Anybody have any idea what shade of grey Autotrail use on the front of their vans. Would like to cover a few chips on the front.

I have a 2010 Savannah with the Platinum Pack.

Sent an email to Autotrail two week ago re this matter ............ Guess what? Still no reply!

Cheers


----------



## Zebedee (Oct 3, 2007)

Ring them up! A lot of companies set up email accounts and virtually ignore them thereafter! :roll:

A phone call is much more likely to succeed, and if you get the info from AutoTrail directly they will probably want your build number (_or similar_) because I doubt if the exact shade remains unchanged over a period.

Dave


----------



## adgy (Sep 22, 2005)

Sent the build number in the original email...... Still no reply 

Cheers


----------



## peribro (Sep 6, 2009)

Try calling the original supplying dealer - or Chris at Premier Motorhomes who often posts on MHF.


----------



## Mrplodd (Mar 4, 2008)

You can never do a decent job with a touch up, brush or spray.

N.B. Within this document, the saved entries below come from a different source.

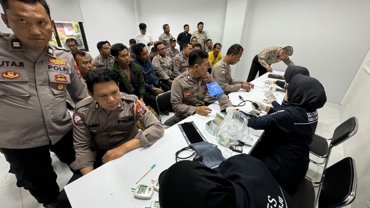 Tim Dokkes Polresta Sidoarjo melakukan pemeriksaan kesehatan para personel yang terlibat dalam Operasi Mantap Praja Semeru 2024. Ada sebanyak 735 personel Polresta Sidoarjo yang mengikuti pemeriksaan kesehatan terbagi dalam tiga gelombanh.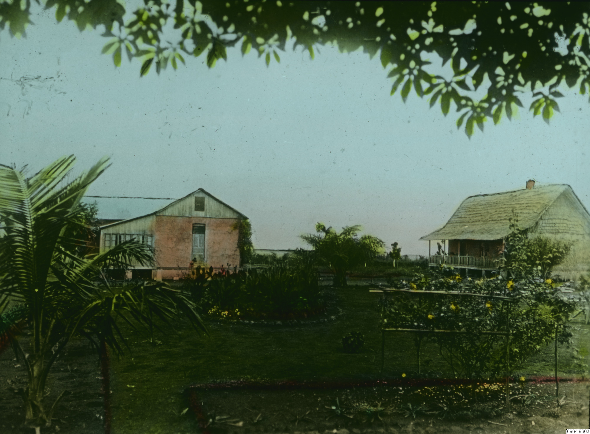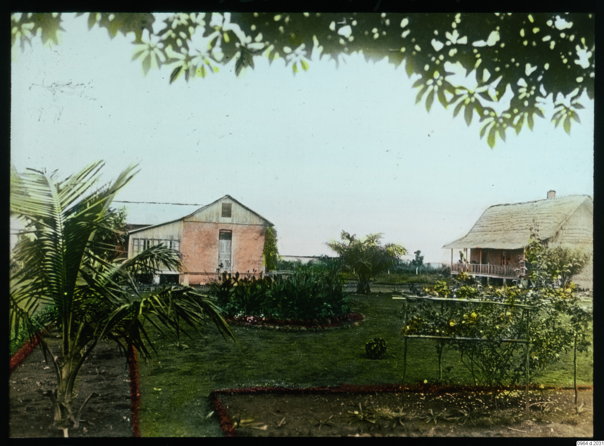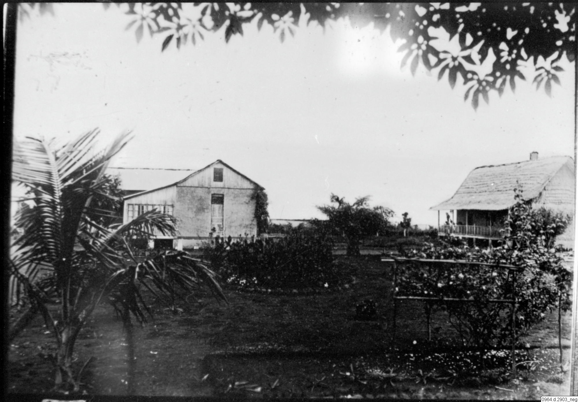 byggnad, hus, missionsstation, kök, träd, personer, trädgård, palm, växter, veranda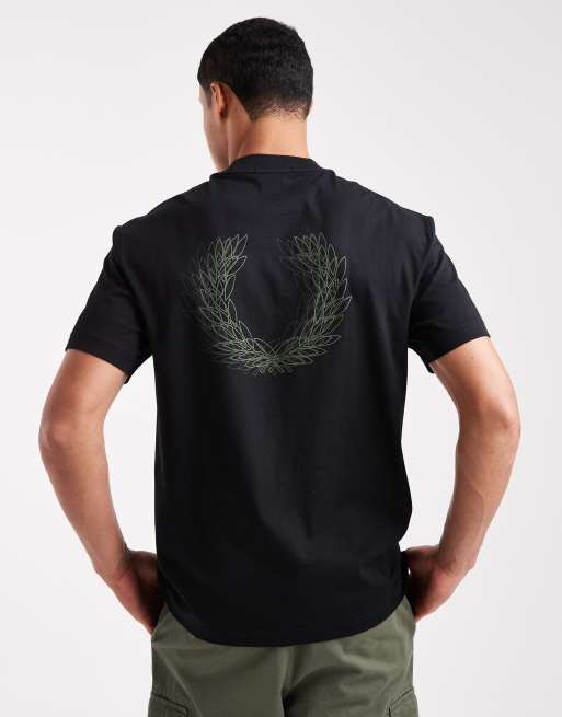Camiseta negra con estampado trasero y logo gráfico Light Box de Fred Perry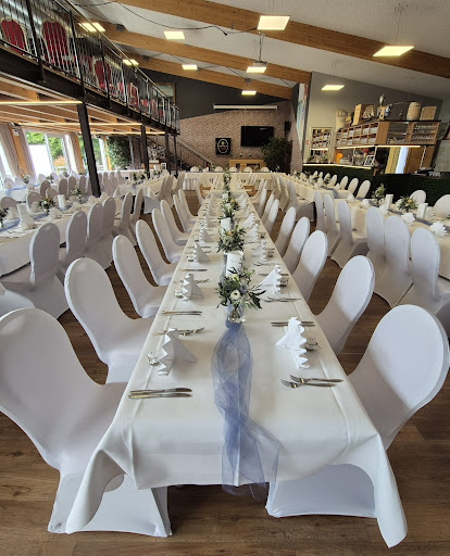 Besonders eindrucksvoll wirkt der Saal, wenn die Stühle mit weißen Stuhlhussen geschmückt sind. Die runden Lehnen der Stühle werden dadurch sanft umhüllt, was den gesamten Raum in eine stilvolle, edle Atmosphäre verwandelt. Die Hussen verleihen der Einrichtung ein harmonisches Gesamtbild und lassen selbst einfache Stühle wie elegante Bankettmöbel erscheinen.

If you want a decent job use "Chips Away" or similar 
. I have used them a few times and I have NEVER been able to see the repair no matter how hard I try. Not cheap but a first class result. 

If not go to a body shop, they have machines like B&Q use to match paint colours, trouble is they will have a minimum mix quantity, probably half a litre which is a bit much for a few chips :roll: 

It's probably a Fiat colour anyway!


----------



## premiermotorhomes (Feb 13, 2008)

Good morning adgy,

The silver colour of the Fiat cab is not Auto-Trail, this is a factory Fiat paint code and they would be unable to assist in providing this colour.

You need to contact your local Fiat commercial agent who can be located here: http://www.fiatprofessional.co.uk/uk/Find_your_dealership

They should be able to provide the paint code, and also offer touch up sticks.

Regards,
Chris


----------



## Mrplodd (Mar 4, 2008)

Told you so :wink:


----------



## philoaks (Sep 2, 2008)

Have you checked under the bonnet for a paint code. On my Autotrail there is a label stuck onto the front cross member (alongside the axle weights label). Mine shows the colour as 691/A which on mine is an anthracite grey colour. Your code will obviously be different but the label may be in the same area.


----------